Autre cas cité par la journaliste, celui de Khalid Cheikh Mohammed, considéré comme l'architecte des attentats du 11 septembre. Après son arrestation, en mars 2003, Mohammed est transféré dans une prison secrète sur le sol polonais. Il subit alors maintes humilitations. Gardé nu pendant sept jours, il aurait ensuite été interrogé par un nombre inhabituel d'agents femmes, avant d'être suspendu par les bras au plafond de sa cellule, ses orteils touchant à peine le sol.

KHALID CHEIKH MOHAMMED TRANSFÉRÉ EN POLOGNE
Le témoignage de Khalid Cheikh Mohammed permet aussi d'apporter un éclairage sur un autre point. Lors de sa détention, il affirme avoir vu une bouteille d'eau minérale portant des inscriptions en polonais, ce qui viendrait corroborer les accusations du Conseil de l'Europe, qui estime que Varsovie a accueilli sur son territoire des lieux de détention gérés par la CIA.
Pour quels résultats a été mis en place ce dispositif complexe, secret, qui a suscité nombre de débats au sein de l'administration américaine ? Le général Michael Hayden, directeur de la CIA, a affirmé à plusieurs reprises que le programme des prisons secrètes était "irremplaçable". Quant au président Bush, il estime que le travail réalisé par la CIA a permis de "sauver des vies", en "empêchant de nouvelles attaques".
Mais l'exemple de Khalid Cheikh Mohammed, qui a subi plusieurs des tortures prévues par la CIA et connu les prisons de l'agence sur les sols afghan, polonais et cubain (à Guantánamo), est troublant. En tout, Mohammed a endossé la responsabilité de trente et un complots terroristes, un chiffre que les experts jugent "improbable", même pour un terroriste de haut rang.
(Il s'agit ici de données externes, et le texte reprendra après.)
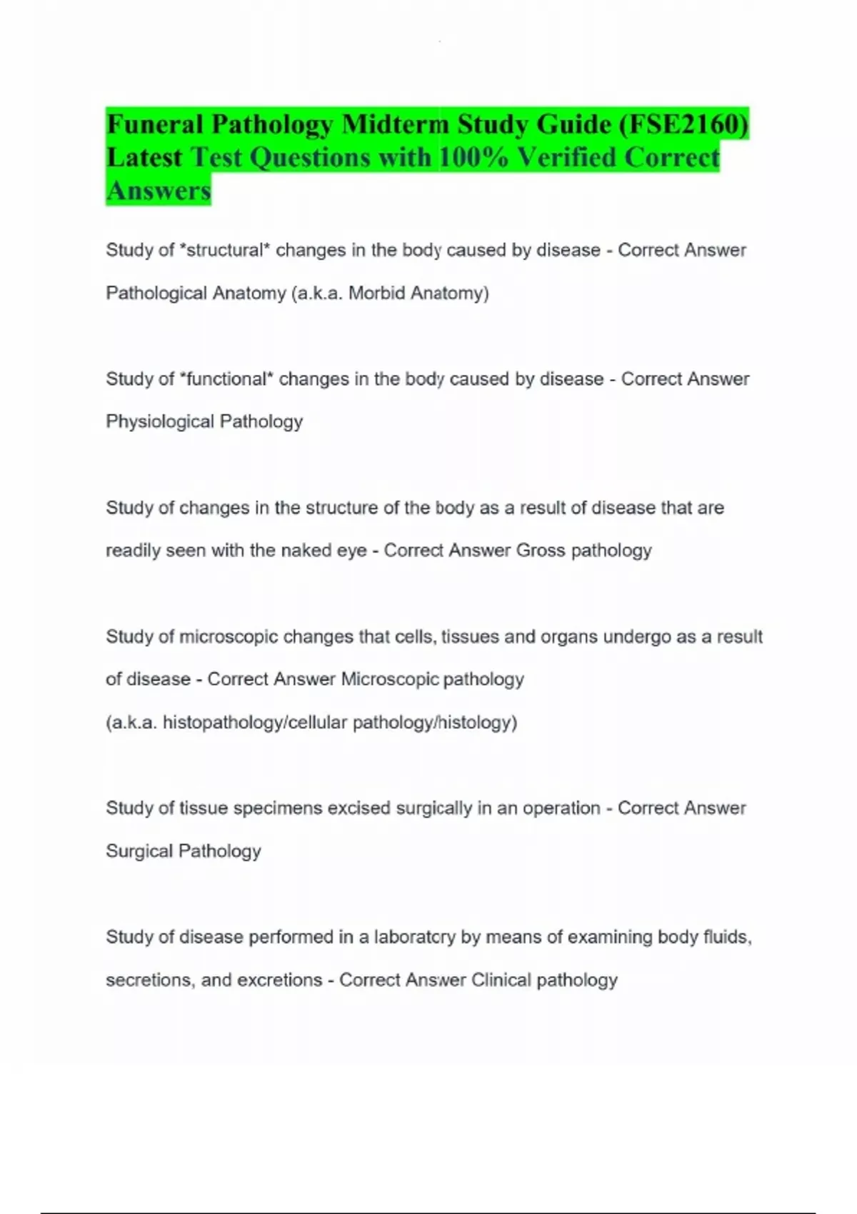 Funeral Pathology Midterm Study Guide (FSE2160) Latest Test Questions with 100% Verified Correct Answers Study of *structural* changes in the body caused by disease - Correct Answer Pathological Anatomy (a.k.a. Morbid Anatomy) Study of *functional* changes in the body caused by disease - Correct Answer Physiological Pathology Study of changes in the structure of the body as a result of disease that are readily seen with the naked eye - Correct Answer Gross pathology Study of microscopic changes that cells, tissues and organs undergo as a result of disease - Correct Answer Microscopic pathology (a.k.a. histopathology/cellular pathology/histology) Study of tissue specimens excised surgically in an operation - Correct Answer Surgical Pathology Study of disease performed in a laboratory by means of examining body fluids, secretions, and excretions - Correct Answer Clinical pathology Study of disease to ascertain cause and manner of death, as related to a criminal investigation - Correct Answer Medico-legal Pathology (Forensic Pathology)

Parmi les crimes dont il s'est attribué la paternité, outre les attentats du 11 septembre, des projets d'attentats contre Bill Clinton, Jimmy Carter ou le pape Jean Paul II. Mais aussi l'assassinat du journaliste américain Daniel Pearl en 2002 au Pakistan. La version des faits donnée par Khalid Cheikh Mohammed est réfutée par les proches de Pearl. Son père, Judea, résume l'opinion de la famille : "Mohammed peut bien affirmer qu'il a tué Jésus, il n'a rien à perdre." La torture, au final, ne semble pas conduire à la vérité.
Selon Jane Mayer, le programme des "black sites" de la CIA a bien été abandonné à l'automne 2006, après les annonces en ce sens de George Bush et le transfert des derniers détenus des prisons secrètes vers Guantánamo. Mais la Maison Blanche se refuse toujours à désavouer les "interrogatoires améliorés", pourtant illégaux sur le sol des Etats-Unis. Ce qui signifie, selon la journaliste, que les agences de renseignement américaines peuvent continuer à détenir indéfiniment des suspects sur des sites secrets, sans aucune base juridique.